WHAT TO DO: Exactly the lines from the beginning of the records to the line with "Комплект садовой мебели: 4", both ends included, are to be given again, and pictures are to be left out.

(Stored dataset items)
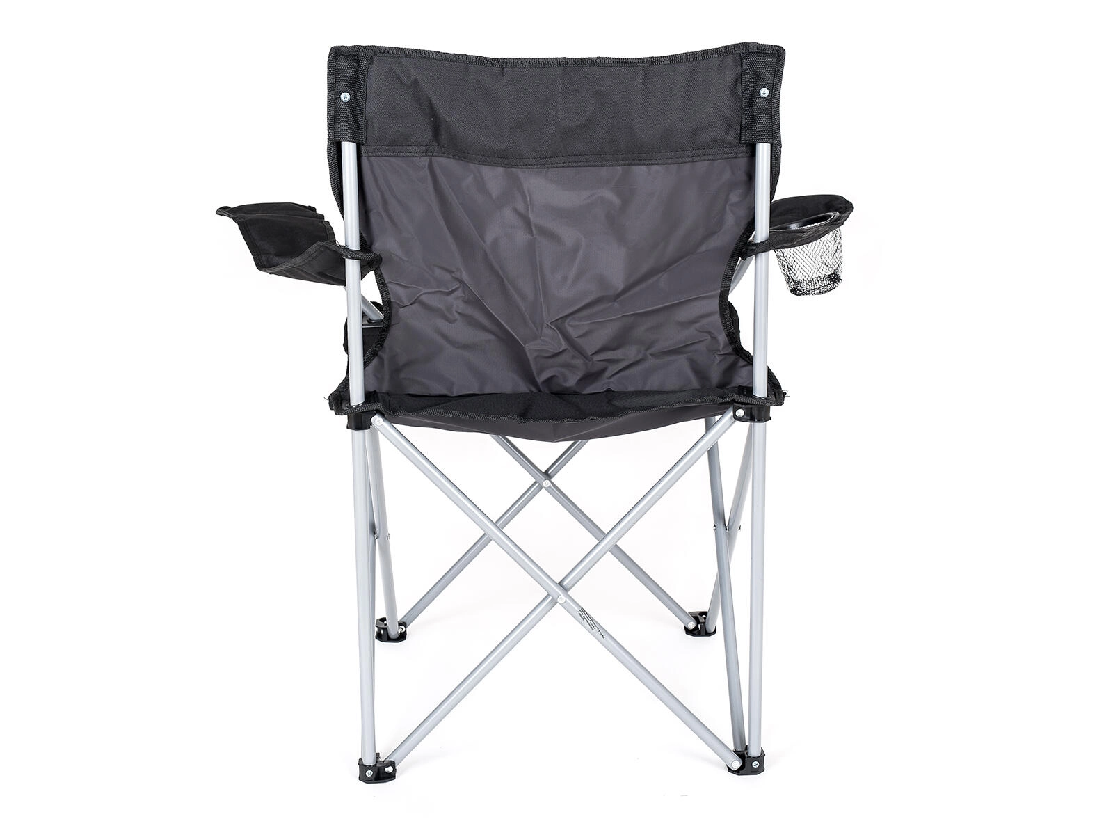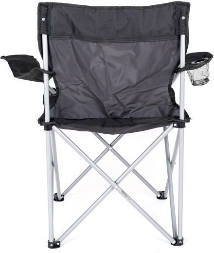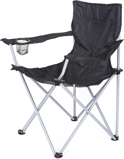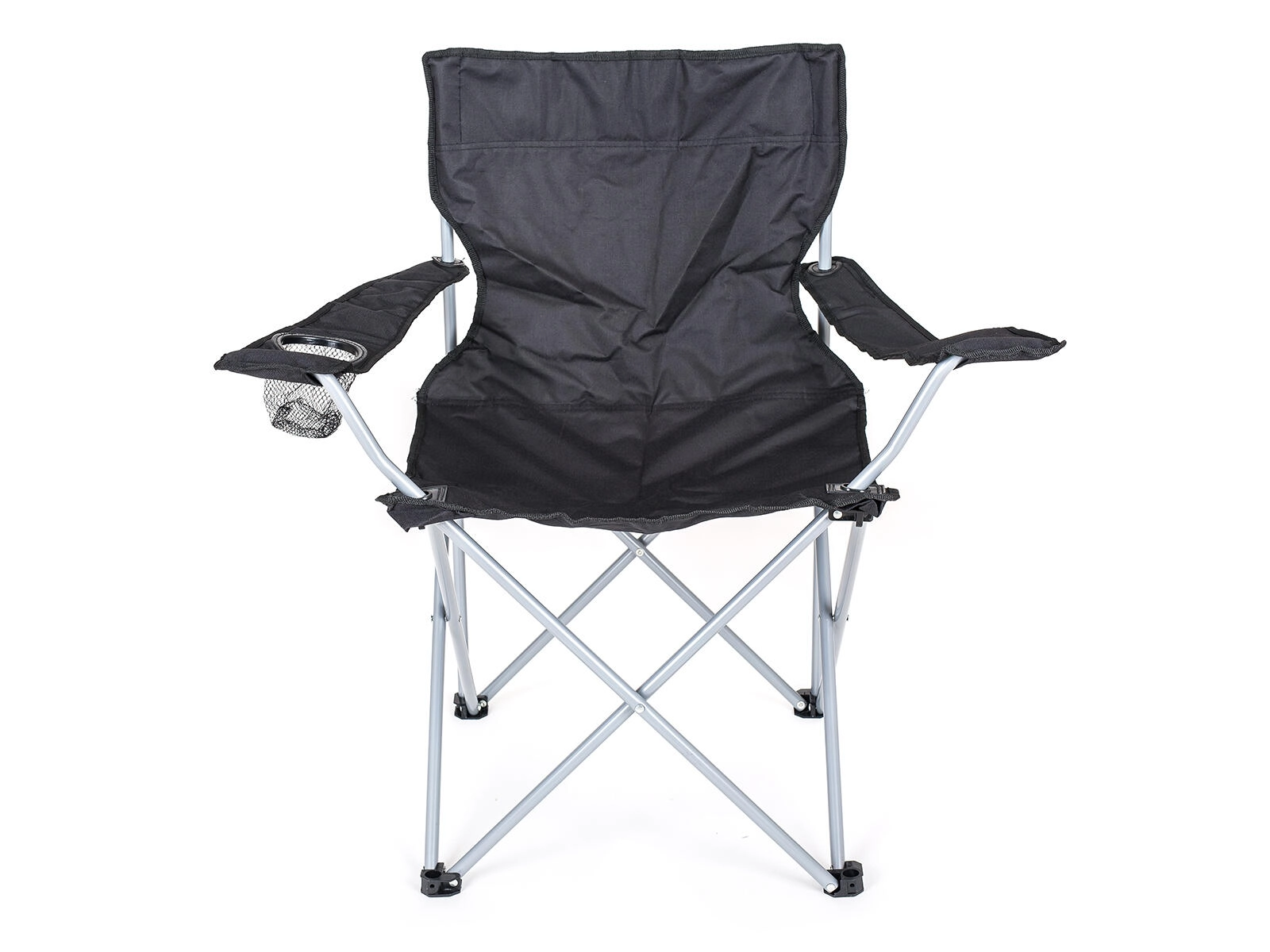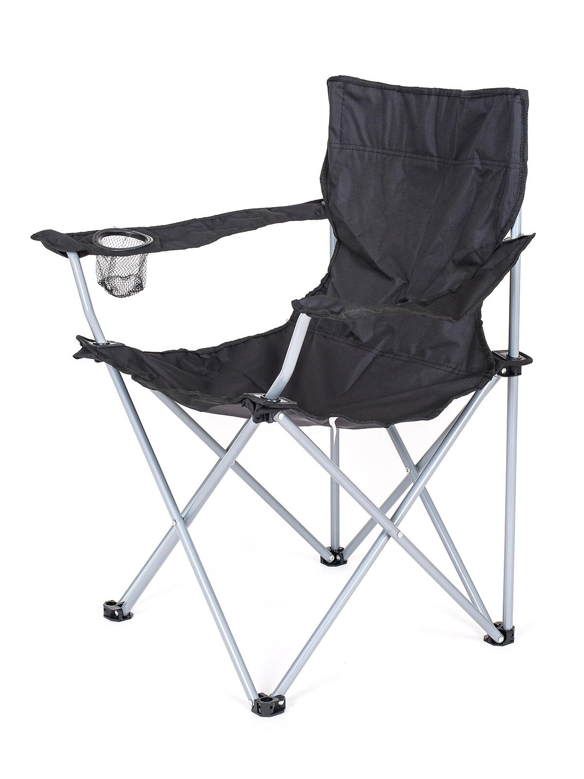Lehké a odolné skládací kempingové křeslo FISH v černé barvě nabídne pohodlné sezení s područkami a praktickým držákem nápoje. Díky ocelové konstrukci a potahu z 600D polyesteru s PVC povrchem je stabilní, snadno přenosné a rychle složitelné. Ideální na ryby, do kempu, na chatu i festivaly.
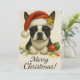 Features a happy, wide-eyed Boston Terrier in a Santa hat
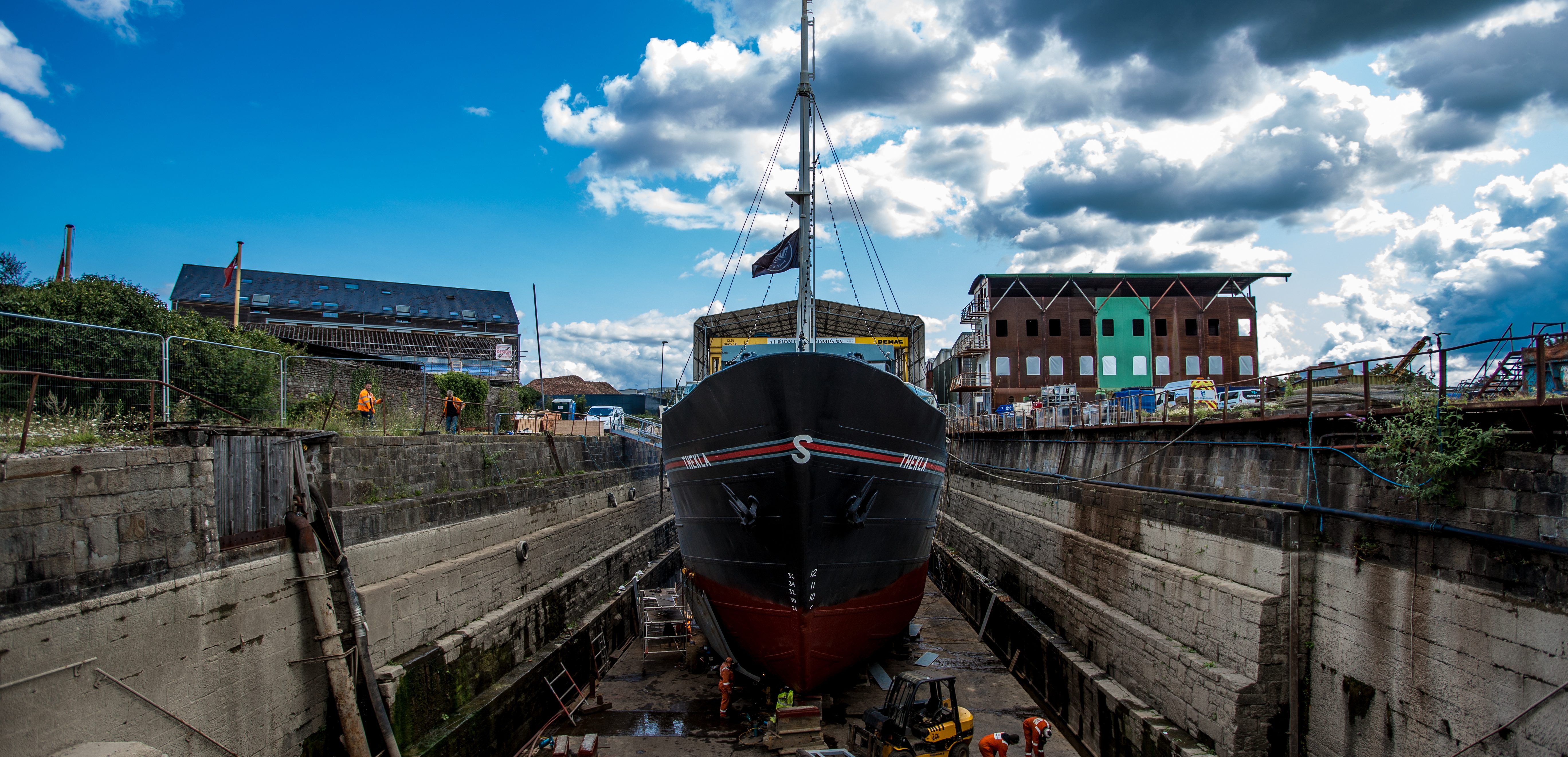 From June to September 2019, Thekla was moved to the listed Albion Drydock for extensive repair works. The result of this is a brand new steel offset hull welded into place around the whole of the existing hull.
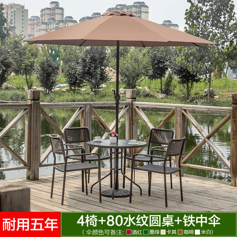Комплект садовой мебели: 4 стула, стол круглый с узором 80 см, зонт, подставка
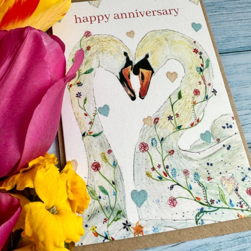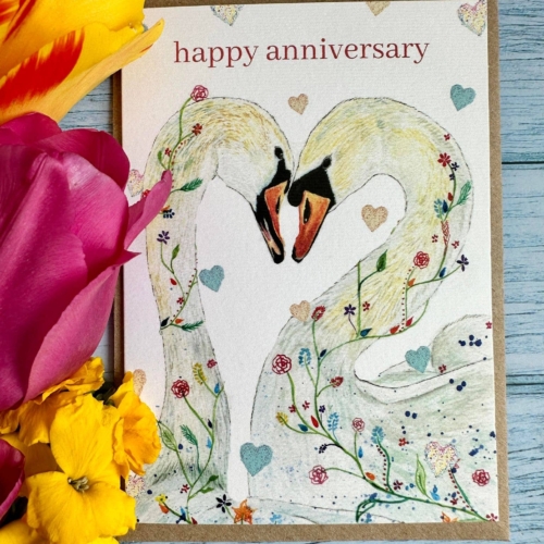 Happu Anniversary | Swans | Nature | Swan | Love | Eco Friendly Card | Colourful | Friend | Blank | Occasion | Greetings | Cute | Watercolour | Jen Winnett Art | Friend | Couple | Wedding

ANSWER SPACE:
Lehké a odolné skládací kempingové křeslo FISH v černé barvě nabídne pohodlné sezení s područkami a praktickým držákem nápoje. Díky ocelové konstrukci a potahu z 600D polyesteru s PVC povrchem je stabilní, snadno přenosné a rychle složitelné. Ideální na ryby, do kempu, na chatu i festivaly.
 Features a happy, wide-eyed Boston Terrier in a Santa hat
 From June to September 2019, Thekla was moved to the listed Albion Drydock for extensive repair works. The result of this is a brand new steel offset hull welded into place around the whole of the existing hull.
Комплект садовой мебели: 4 стула, стол круглый с узором 80 см, зонт, подставка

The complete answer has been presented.